His birdhouses are built for different birds, from smaller boxes for bluebirds and swallows to larger ones for ducks. He has also begun making multi-unit boxes, a joke he describes as condo-style housing for birds. The work is simple on its face, but the need behind it is real. Idaho Fish and Game has warned that bluebirds face a housing shortage because nesting trees have been cut for firewood, cleared for development or removed from landscapes where old hollow trees no longer stand.

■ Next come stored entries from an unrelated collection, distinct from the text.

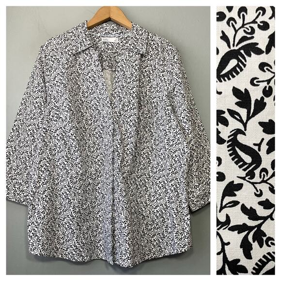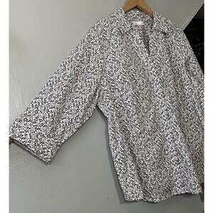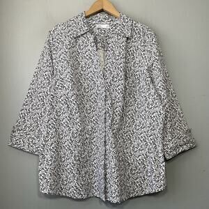Croft & Barrow Button Up Shirt Plus Size 1X Black White Paisley Preppy Career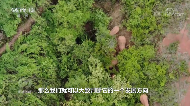 云南省森林消防总队野生亚洲象搜寻监测任务分队分队长 杨翔宇:“一方面沿着象群的脚印、粪便,或者是它们扔下的树枝和落下的食物来寻找象群的位置、方向。另一方面是通过听声辨别,比如说附近有野象的声音,我们就可以大致判断它们的发展方向,通过这两大方面来寻找象群的蛛丝马迹,同时为我们的无人机监测提供有力的支持。”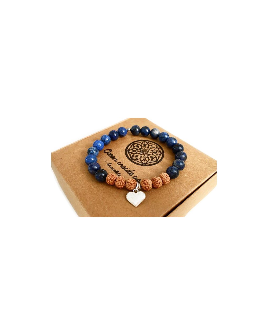 Tento krásně modrý náramek se srdíčkem je doplněn o semínka z posvátné rudrakshi.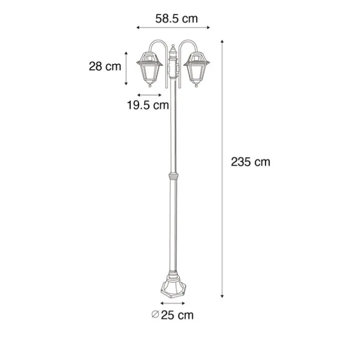 Klassieke buiten lantaarn zwart 235 cm 2-lichts IP44 – Berta

That shortage matters in North Idaho because bluebirds are cavity nesters, and the mountain bluebird is Idaho’s state bird. The state adopted it in 1931. Audubon says mountain bluebirds live in open habitats and often benefit from nest boxes, while the North American Bluebird Society says its mission is to promote recovery of bluebirds and other native cavity-nesting birds across North America.

AI-generated illustration
AI-generated illustration

The Coeur d’Alene Audubon Chapter, which says it has been conserving and protecting local bird populations and habitats since 1990, serves Benewah, Bonner, Boundary, Kootenai and Shoshone counties. Its local range mirrors the same country Turcotte has been working in for years, where development and land clearing have made natural nesting sites harder to find and artificial boxes more important.

The charm of the ritual is in how quickly the birds claim the houses. Turcotte has said he likes to head out on a boat with a friend, bring a small ladder and make a day of it, turning the yearly installation into an outing as much as a project. In a region changing fast, his birdhouses have stayed the same kind of promise: a simple home, placed by hand, and built to last.